Summer is gross. Yes, yes, there's fun in the sun and beaches and pools and lakes and various other water-adjacent activities, but that's just a fraction of it. Most of the time you're hunkered indoors around an air conditioner vent (or worse, an almost comically inefficient ceiling fan) wearing the social minimum of fabric and wondering if your lower back and gluteal region is ever going to be dry again. Y'all coffee fetishists can have fun trudging out into the hellswamp for your fancy-ass cold brew concoctions. The rest of us will be inside chilling and sucking down our dreggy coffee fizzes.

A few years back, coffee heads everywhere went nutso for coffee tonics, which are a meld of cold brew coffee and, shockingly enough, tonic. They're great! All bubbly, tangy, and chill. What I'm talking about is way lazier, nearly as delightful, and takes little to no forethought—just a small amount of willpower to leave the last cup or two of coffee in the pot from the morning. (Pro dirtbag tip: Pour leftover cold coffee into a lidded jar or pitcher over the course of a couple days and keep it in the fridge, or even better, freeze it. This is not the time for preciousness.)
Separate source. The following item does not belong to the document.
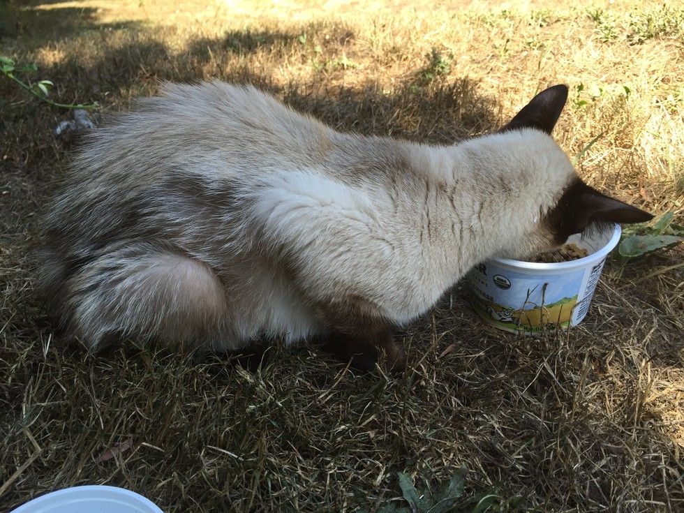 The kitty was very hungry, so they gave her some food which she quickly devoured.
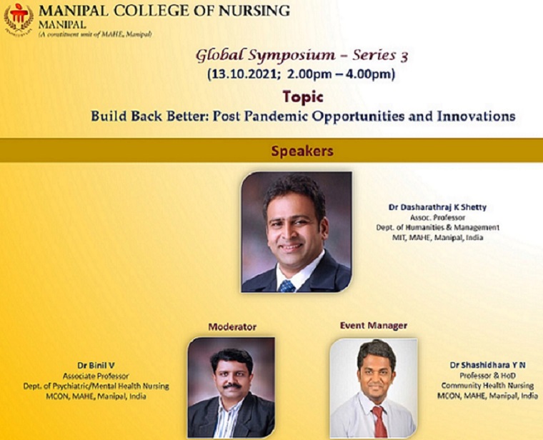 Global Symposium on Collaborative Healthcare Practices & Challenges in Current Times, series-3 was organized by the Team-Expanding Reach and Internationalization, Manipal College of Nursing, MAHE Manipal on October 13, 2021, from 2 pm to 4 pm. The invisible organism COVID -19 has caused a tremendous impact on the physical, mental, and social life of every individual. There is no exception for any organization or institution which has not been affected. We have to fight, combat, and resist this situation to revert to normal situations by adapting simple, feasible, and practicable innovative solutions.

Ready? Put some ice in a tall glass, and if that is crushed or pebble ice, that's even better but by no means imperative. Pour the leftover coffee from the morning in there, about halfway to two-thirds of the way up, then top that with seltzer an inch or so short of the top, because it fizzes up in an unexpected and delightful way. Squeeze in some lemon if you happen to have one on hand, and sip away like the sweat-free, cooly-caffeinated genius that you are. And sure, if you want to put your favorite dairy or nutmilk (a.k.a. milk made of lies but whatever gets you through the day) in there, it is your prerogative as a free American human, but leave out the lemon because curdled milk coffee fizz is really gross.